During the golden age of bohemia Greenwich Village became famous for eccentrics such as Joe Gould (profiled at length by Joseph Mitchell) and Maxwell Bodenheim, as well as greats on the order of Eugene O'Neill. Political rebellion also made its home here, whether serious (John Reed) or frivolous (Marcel Duchamp and friends set off balloons from atop Washington Square arch and declared the Village independent).
Greenwich Village contains Christopher Street and the Stonewall Inn, site of the Stonewall riots in 1969, that signalled the beginning of the gay liberation movement. The world's oldest gay and lesbian bookstore, Oscar Wilde Bookshop, founded in 1967, is also found here. The name "the Village" soon became the generic term for a city's gay neighbourhood (see gay village and The Village People).
"The Village," as it is often called, includes the primary campus for New York University (NYU), New School University, and Yeshiva University's Benjamin N. Cardozo School of Law. Cooper Union is located in neighboring East Village.

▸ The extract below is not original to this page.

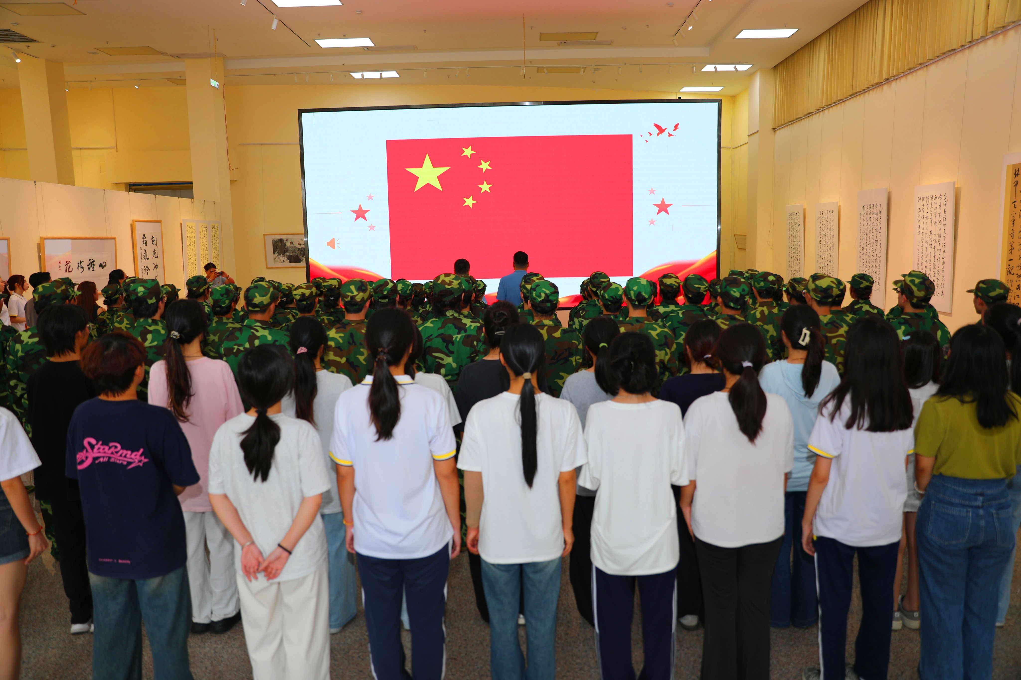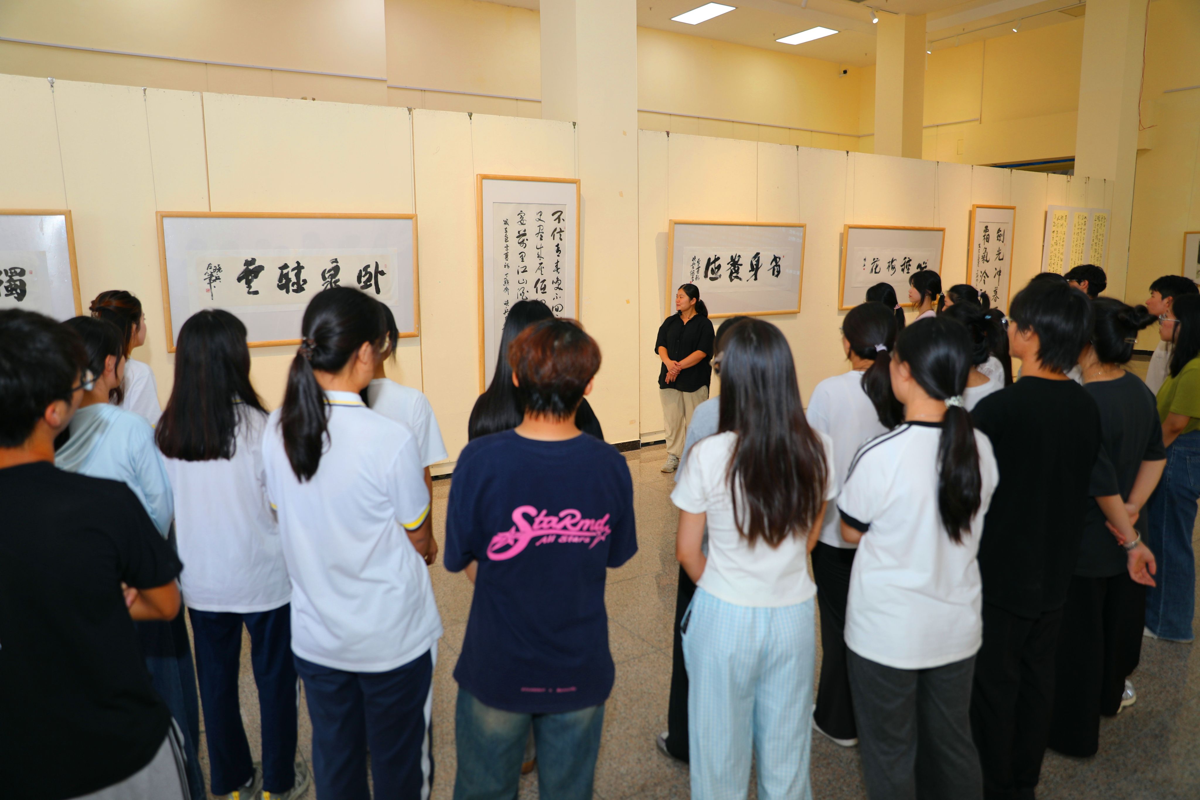 聘任仪式结束后,师生们在美术馆讲解员的带领下,走进红色主题书画展展厅。一幅幅主题鲜明、意境深远的作品,将革命历史、英雄事迹与艺术创作巧妙融合:有的以浓墨重彩描绘抗日战争时期军民浴血奋战的场景,有的用细腻笔触勾勒新时代军人保家卫国的英姿,还有的以书法作品书写 “天下兴亡,匹夫有责”“犯我中华者,虽远必诛” 等铿锵语句,每一笔、每一划都饱含着对祖国的赤诚与热爱。

The historic Washington Square Park is the center and heart of the neighborhood, but the Village has several other, smaller parks: Father Fagan, Minetta Triangle, Petrosino Square, Little Red Square, and Time Landscape. There are also city playgrounds: Desalvio, Minetta, Thompson Street, Mercer Street, and William Passannante Ballfield. Perhaps the most famous, though, is "The Cage", officially known as the West 4th Street Courts. Sitting on top of the West 4th subway station at 6th Avenue that serves the A-B-C-D-E-F-V trains, the courts are easily accessible to basketball and American handball players from all over New York. The Cage has become one of the most important tournament sites for the city-wide "Streetball" amateur basketball tournament.
The Village also has a bustling performing arts scene. It is home to many Off-Broadway theaters; for instance, Blue Man Group has taken up residence in the Astor Place Theater. Comedy clubs dot the Village as well, including The Boston and Comedy Cellar , where many American stand-up comedians got their start.
Several publications have offices in the Village, most notably the newsweekly The Village Voice.